The article says that Dubas is in Yaroslavl, home to Lokomotiv, and he has already watched a game played by their MHL team today which they won 3-1.

This evening in Russia, this morning our time, he is watching the KHL team take on CSKA. Both teams are in a playoff position as the KHL season heads into the final stretch. Lokomotiv is the home of Leafs prospect Yegor Korshkov, and he is in his third game back after a long injury layoff.  He is under contract to Lokomotiv until May 1.

CSKA is the former home of both Nikita Zaitsev and Igor Ozhiganov.

The R-Sport article mentions a couple of young players Dubas would be seeing: Alexander Yelesin (22 and undrafted right-shot defender) and Sergei Andronov (Centre, drafted by St. Louis). Also on the ice in this game is Wild prospect Kirill Kaprizov.

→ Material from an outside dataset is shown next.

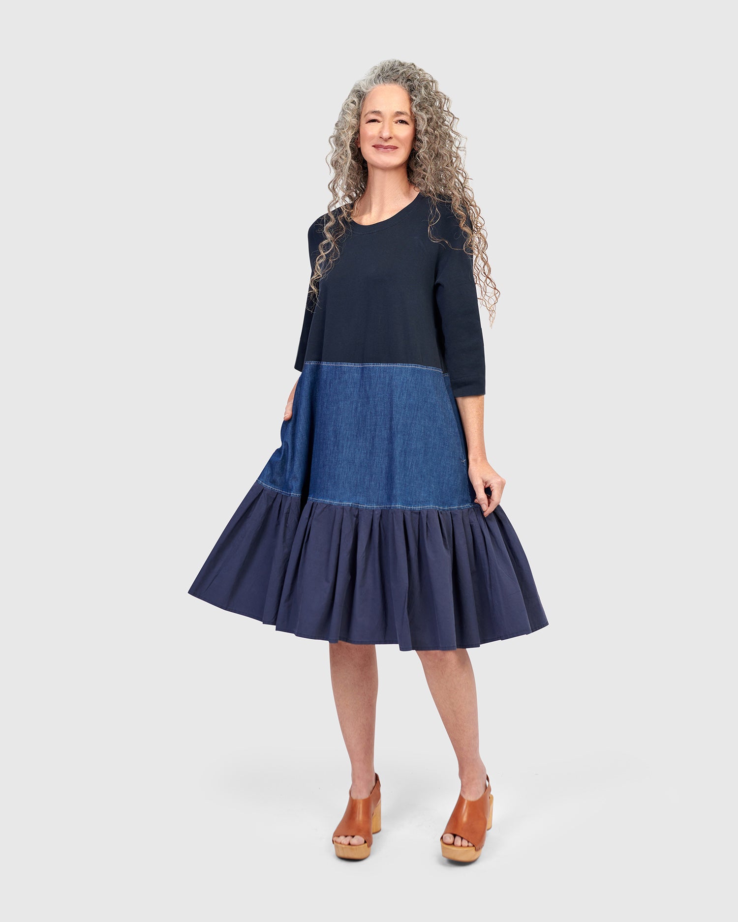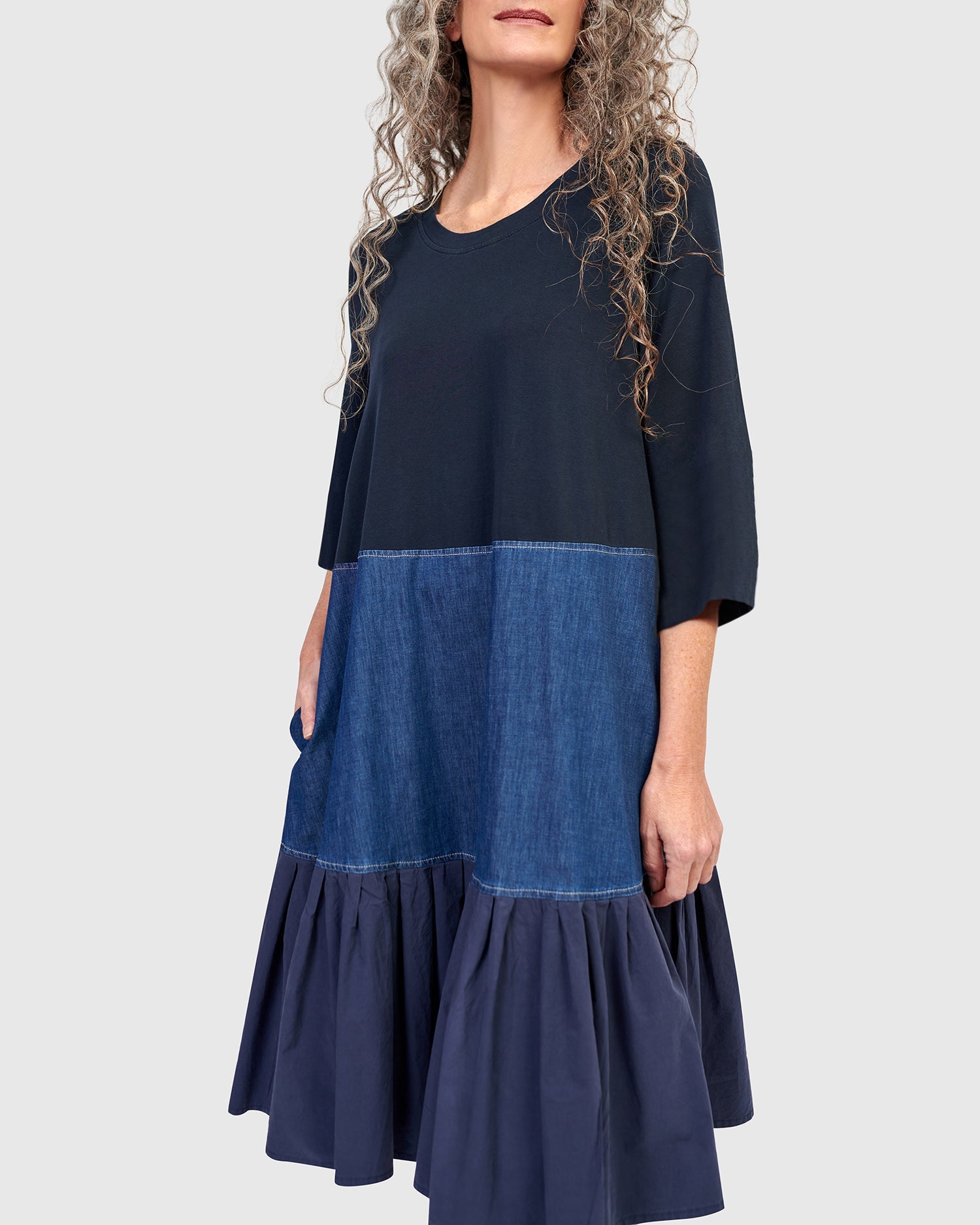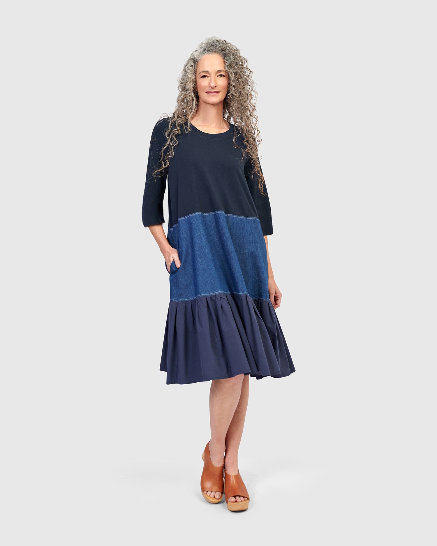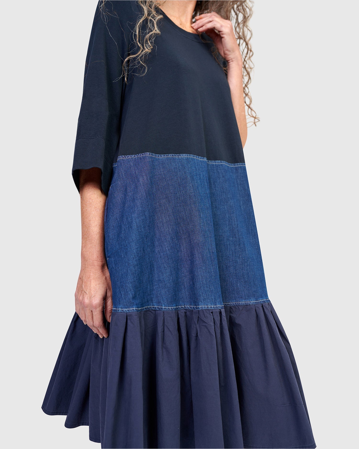 This pullover midi dress is made in a soft jersey knit with tiers of denim and cotton poplin. It has a crew neck, elbow length sleeves, and side pockets. The relaxed fit and A-line silhouette make this an easy dress for everyday wear.

H/T to Igor Nikonov for noticing this article.

For fun, let’s take the joke seriously and see if that could be what Dubas is looking at. The right side D on CSKA in this game consists of: Klas Dahlback, Alexi Marchenko and Marsel Ibragimov. The first two have already had tours of the NHL, one in a familiar spot, but this Ibragimov is only 21, so let’s check him out.

He’s 6’3” and 203 lb, according to Elite Prospects, and he does shoot right. He’s from Kazan, which is in the east of Russia. He played in the WHL for a while, mostly on the Victoria Royals where he wasn’t much of a scorer, but had (brace yourselves, I’m going there) a really good plus/minus in his final two seasons.

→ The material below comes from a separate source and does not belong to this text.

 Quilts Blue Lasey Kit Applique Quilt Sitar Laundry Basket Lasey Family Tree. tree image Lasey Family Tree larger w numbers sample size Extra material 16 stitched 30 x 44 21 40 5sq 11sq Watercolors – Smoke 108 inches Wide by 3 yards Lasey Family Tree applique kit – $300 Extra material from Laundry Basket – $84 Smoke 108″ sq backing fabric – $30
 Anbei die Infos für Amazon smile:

He went right back to Russia last year at age 20, and joined CSKA, but played in the lower level and junior league. This season, he has 35 games in the VHL and this is his fifth in the KHL. Well, if Dubas is after him, you really heard it here first! It’s not exactly easy to play defence in the KHL at a year out of junior, though.

Alexander Yelesin, 22, is 5’11” and 192 lb, and he is also a right shot and undrafted. He’s played the whole season in the KHL, and did last year too, minus two games in the VHL, so he’s more experienced. He’s also not really a scorer, and while I’ve watched a lot of Lokomotiv, he never made much impression. That could simply means he doesn’t do anything foolish, though. I’m there to watch Korshkov, and on Lokomotiv if you notice the defence it’s Staffan Kronwall and Jakub Nakladal.

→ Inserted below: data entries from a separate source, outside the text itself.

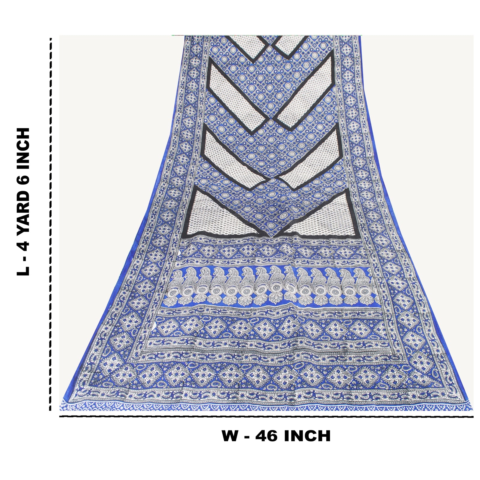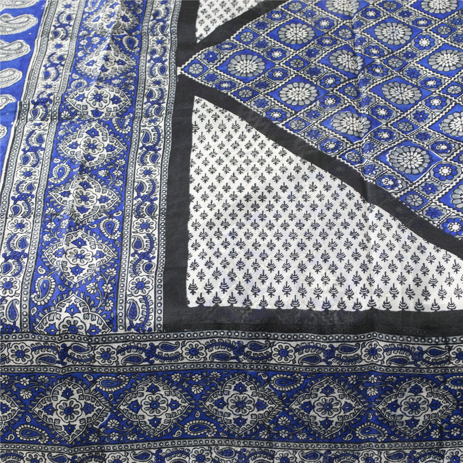 Sanskriti Vintage Sarees Blue & White 100% Pure Silk Printed Sari Craft Fabric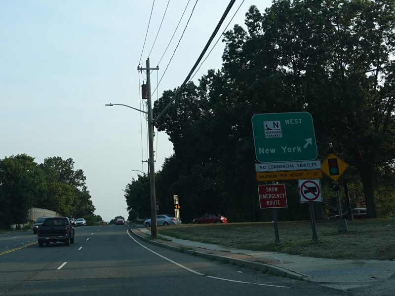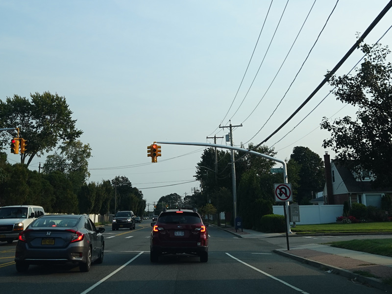 Jackson Avenue ends at a traffic light at Jericho Turnpike (NY 25). Turn left to go east or right to go west. Continue straight ahead onto South Oyster Bay Road to stay on CR 9.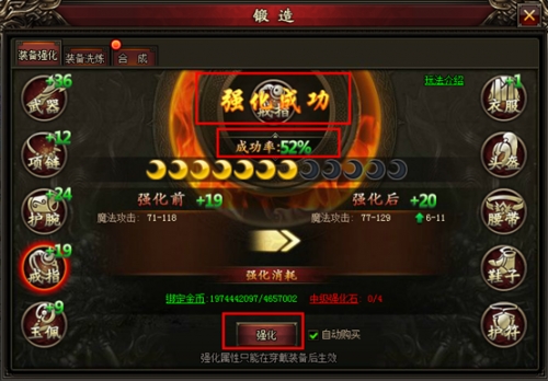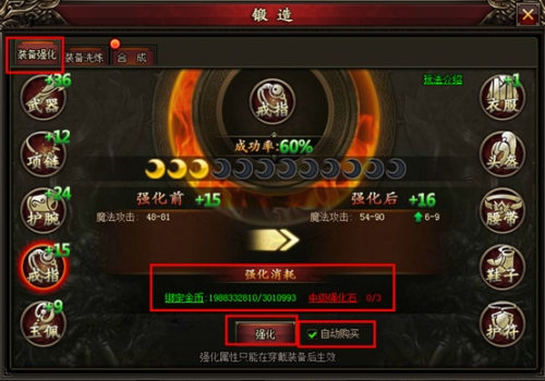玩家勾选“自动购买”后,当强化石不足时,会消耗相应的元宝自动购买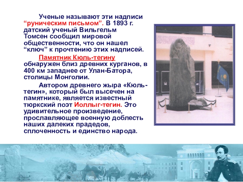 Слайд 18 Надписи Узынсу - памятник древнетюркской письменности.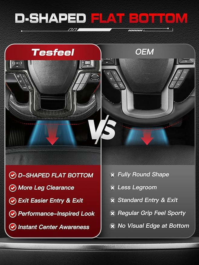 - 【Ergonomic D-Shaped Design】The D-shaped flat-bottom steering wheel improves legroom and driving posture. Contoured grip areas and lightweight construction reduce fatigue, making long drives more comfortable and enhancing steering control.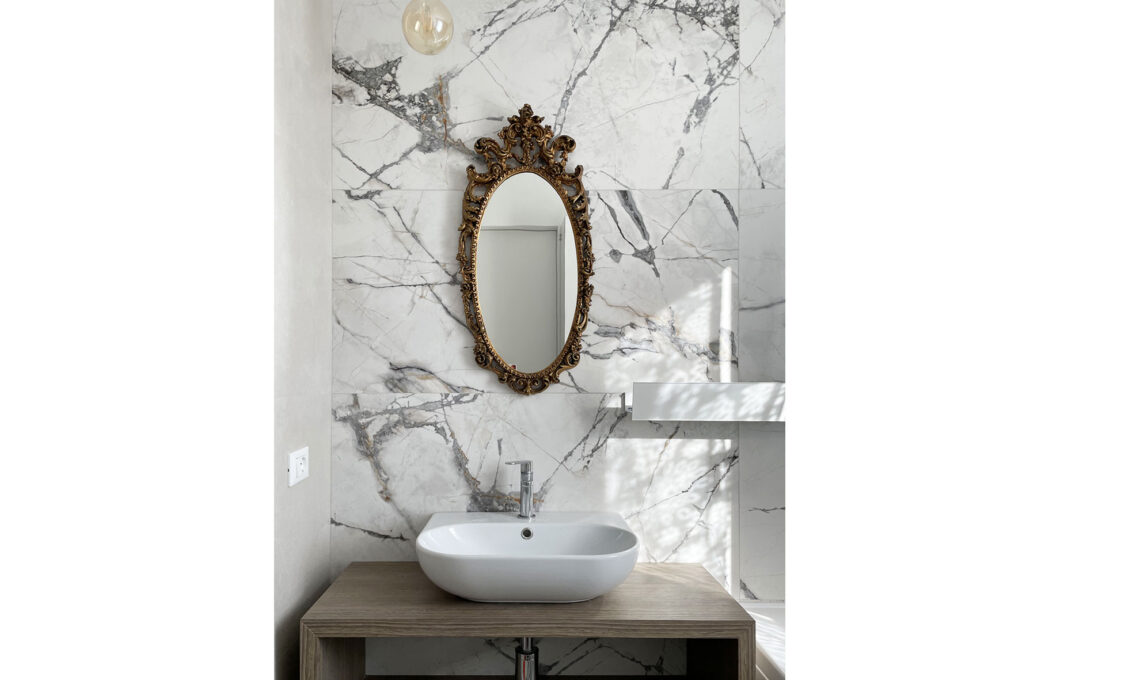 I bagni del piano primo sono invece più essenziali ed eleganti, con un rivestimento gres effetto marmo dalle venature azzurro carta da zucchero. ( The Room di Ceramica Imola).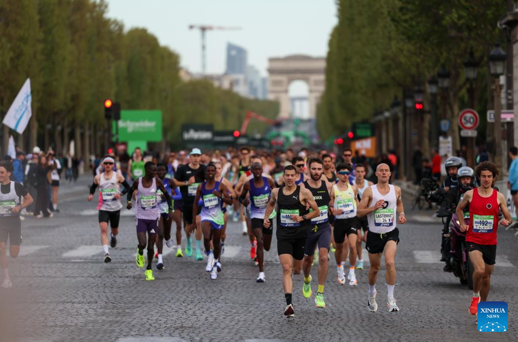 Participants run across Champs-Elysees Avenue during the Paris Marathon 2026 in Paris, France, April 12, 2026. (Xinhua/Wu Huiwo)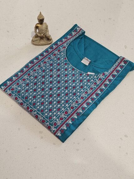 - Stylish round neckline enhanced with delicate mirror work detailing

Whatever Dubas comes home with, and it might just be some Russian nesting dolls, it’s fun to imagine the possibilities. But I’m not going to be very surprised if the Leafs sign another undrafted Russian free agent this summer.


Updated: A few people on Twitter have discussed this trip and have speculated about Yelesin in the sort of fairly glowing terms you usually hear about this sort of player. Get your salt out. However, this is written, not as speculation, but as fact:

So, I hadn’t looked him up very deeply, so here’s some more on him: He’s 29, so St. Louis’s rights to him have expired. He is a left-shooting centre, has no discernible scoring talent at 99 points in 407 KHL games, and he plays at a third line level of minutes despite being nominally listed as the first-line centre today.

He’s been on CSKA, a very good team in the KHL, for years, so he has to be good at his role. He played two uninspiring seasons in the AHL back in the day, and I agree with Dreger that anything north of $1 million is beyond what the Leafs should ever spend on a guy like this.  Because of his age, he would not require an ELC with its capped pay rate.

Why is he a player of interest? His faceoff percentage this season is at 60 percent, and that’s not the first time he’s hit that number. If he PKs, which I assume he does, even better. That’s a perfect recipe for a guy you’d love to have anchoring your fourth line, but you don’t pay millions plural to him, not if you’re contending.

This sort of player made more sense when the job open was 3C in place of Tyler Bozak, but these days, he should be someone else’s gamble at that price, not the Leafs.